◆ **What is required**:
Every line of the material is to be returned verbatim. Pictures stay out.

━━━ Recorded information

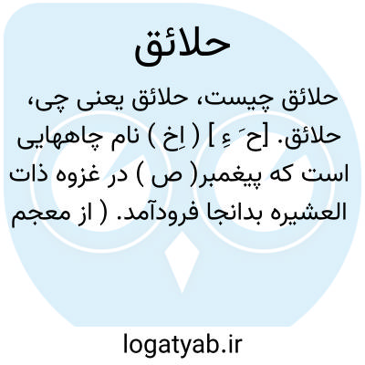 لغت نامه دهخدا حلائق. [ح َ ءِ ] ( اِخ ) نام چاههایی است که پیغمبر( ص ) در غزوه ذات العشیره بدانجا فرودآمد. ( از معجم البلدان ).
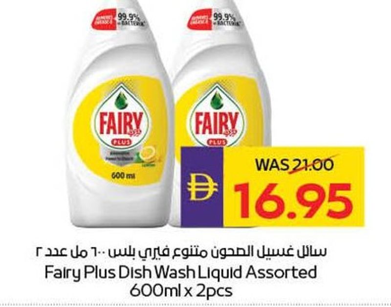 A twin pack of Fairy Plus dish wash liquid, 600ml each, in assorted scents.
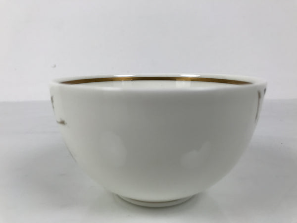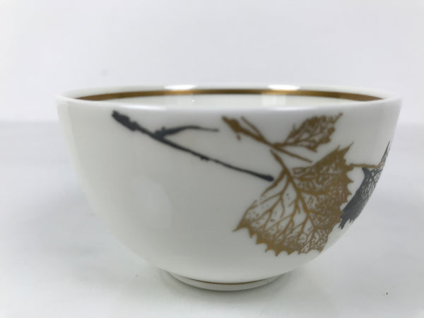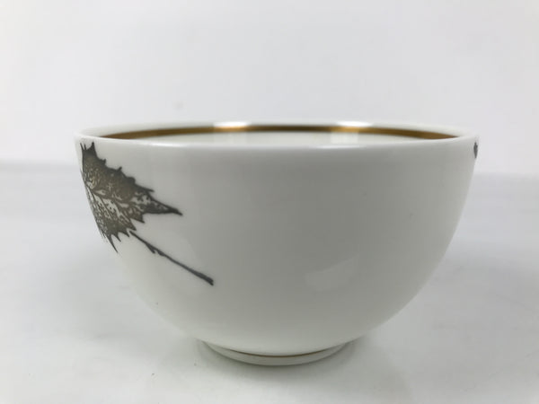 This vintage Japanese Narumi bone china porcelain teacup is white with brown and gold leaves and a gold band inner rim. This small style of teacup is excellent with a chataku (saucer/coaster) beneath.
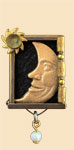 This pin is where the name "Shadowbox" originated more than 20 years ago. An antiqued brass box features handmade image buttons, stamped word bars and vintage stones. The main rectangle measures 3/4" by 1" by 1/4" deep and comes gift boxed with artist info card enclosed.

━━━━━━

◆ **Reply**:
 لغت نامه دهخدا حلائق. [ح َ ءِ ] ( اِخ ) نام چاههایی است که پیغمبر( ص ) در غزوه ذات العشیره بدانجا فرودآمد. ( از معجم البلدان ).
 A twin pack of Fairy Plus dish wash liquid, 600ml each, in assorted scents.
 This vintage Japanese Narumi bone china porcelain teacup is white with brown and gold leaves and a gold band inner rim. This small style of teacup is excellent with a chataku (saucer/coaster) beneath.
 This pin is where the name "Shadowbox" originated more than 20 years ago. An antiqued brass box features handmade image buttons, stamped word bars and vintage stones. The main rectangle measures 3/4" by 1" by 1/4" deep and comes gift boxed with artist info card enclosed.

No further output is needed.